Materials and methods
21 queries were raised from the 2023 APTA guideline recommendations for PF and prompted into ChatGPT-4o and ChatGPT-4 Turbo. Two experienced orthopaedic physicians evaluated the responses for accuracy, consistency, self-awareness, and fabrication and falsification using five-point Likert scales. The group-wise comparisons were conducted between the two models and subgroups.
Results
The interrater agreement between evaluators was moderate to good (intraclass correlation coefficients of 0.573–0.757). Both versions of ChatGPT were outperformed and comparable across all dimensions, including accuracy ([4.1 ± 0.8] vs. [4.1 ± 0.7], P = 0.959), consistency ([4.6 ± 0.5] vs. [4.6 ± 0.6], P = 0.890), self-awareness ([4.3 ± 0.6] vs. [4.5 ± 0.5], P = 0.407), and fabrication and falsification ([4.6 ± 0.6] vs. [4.5 ± 0.4], P = 0.681). In the subgroup comparisons, better performance was identified in closed-ended questions and for positive rather than negative recommendations (P < 0.05). No significant differences were found between recommendation strength subgroups, except in fabrication and falsification ([4.4 ± 0.6] vs. [5.0 ± 0], P = 0.001).
Conclusions
The two mainstream versions of ChatGPT showed comparable and superior performance in generating recommendations concordant with clinical guidelines for PF management. However, notable specific issues included performance variations between different prompt strategies, recommendation grades, and recommendation type, and the models should still be utilized with caution.
Introduction
Plantar fasciitis (PF) is the primary cause of plantar heel pain, affecting 4–7% of the population and accounting for > 1 million patient visits in the United States per year [1,2,3]. PF greatly diminishes mobility and foot functionality, and reduces the ability to work, leading to a decline in health-related quality of life [3]. Although PF is typically self-limiting, a substantial proportion of patients continue to experience residual symptoms for anywhere from six months to over 15 years [4]. Therefore, effective management is essential for satisfactory outcomes. Several guidelines have been developed for PF to standardize the clinical practice diagnosis and treatment, and recommended physical therapy, such as plantar fascia stretching and low dye taping, as the primary core management for PF [1, 5,6,7]. Besides, approximately 62% of PF patient visits are to primary care providers [1]. The high demand for medical visits coupled with the importance of physical therapy underscores the critical role that primary care physicians play in the management of PF. However, it can be challenging for primary care physicians to find a concise and reliable source of comprehensive and up-to-date standards for diagnosis and intervention, thereby making accurate and in-time clinical decision in routine workflow.

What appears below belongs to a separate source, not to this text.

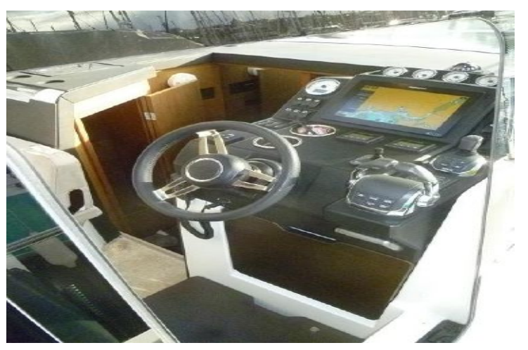
Helm nosition looking from side deck

The introduction and advancement of artificial intelligence (AI) large language models (LLMs) offers tremendous potential for bridging that gap [8, 9]. Chat-Generative Pre-trained Transformer (ChatGPT) is among the most widely used LLMs. It was released for public use in November 2022 by OpenAI (San Francisco, CA, USA) and is continuously updated [8, 10]. Based on the vast open-source corpus of online training data, it is able to effectively conduct conversations with human users. The versatility of ChatGPT makes it a promising source of healthcare information, potentially broadening the spectrum of its acceptable uses [9]. Thus, there has been a considerable body of research assessing its performance in clinical decision support, physician education and training, patient education, medical question answering, and more [11]. Investigating ChatGPT’s ability to generate specialized medical information that adheres to well-established clinical guidelines is among these areas of research interest, while previous studies focusing on various medical issues showed discrepant results [12,13,14,15]. However, to the best of our knowledge, no previous research to date has evaluated the performance of current LLMs in the provision of specialized medical guidance for the management of PF.

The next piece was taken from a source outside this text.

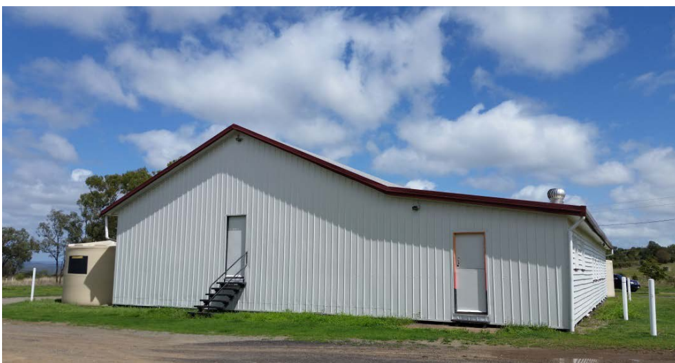
Lawgi Hall Currently

Therefore, this study aimed to test the multidimensional performance of ChatGPT in the generation of recommendations for the management of PF the adheres to the American Physical Therapy Association (APTA) clinical practice guidelines.
Materials and methods
The institutional ethics committee exempted this study from the ethical approval requirement because no human data were gathered or used. As an observational cross-sectional study for LLM evaluation, this study followed the Strengthening the Reporting of Observational Studies in Epidemiology (STROBE) guideline [16] and the QUEST (Quality of information, Understanding and reasoning, Expression style and persona, Safety and harm, and Trust and confidence) framework for human evaluation for LLMs [11].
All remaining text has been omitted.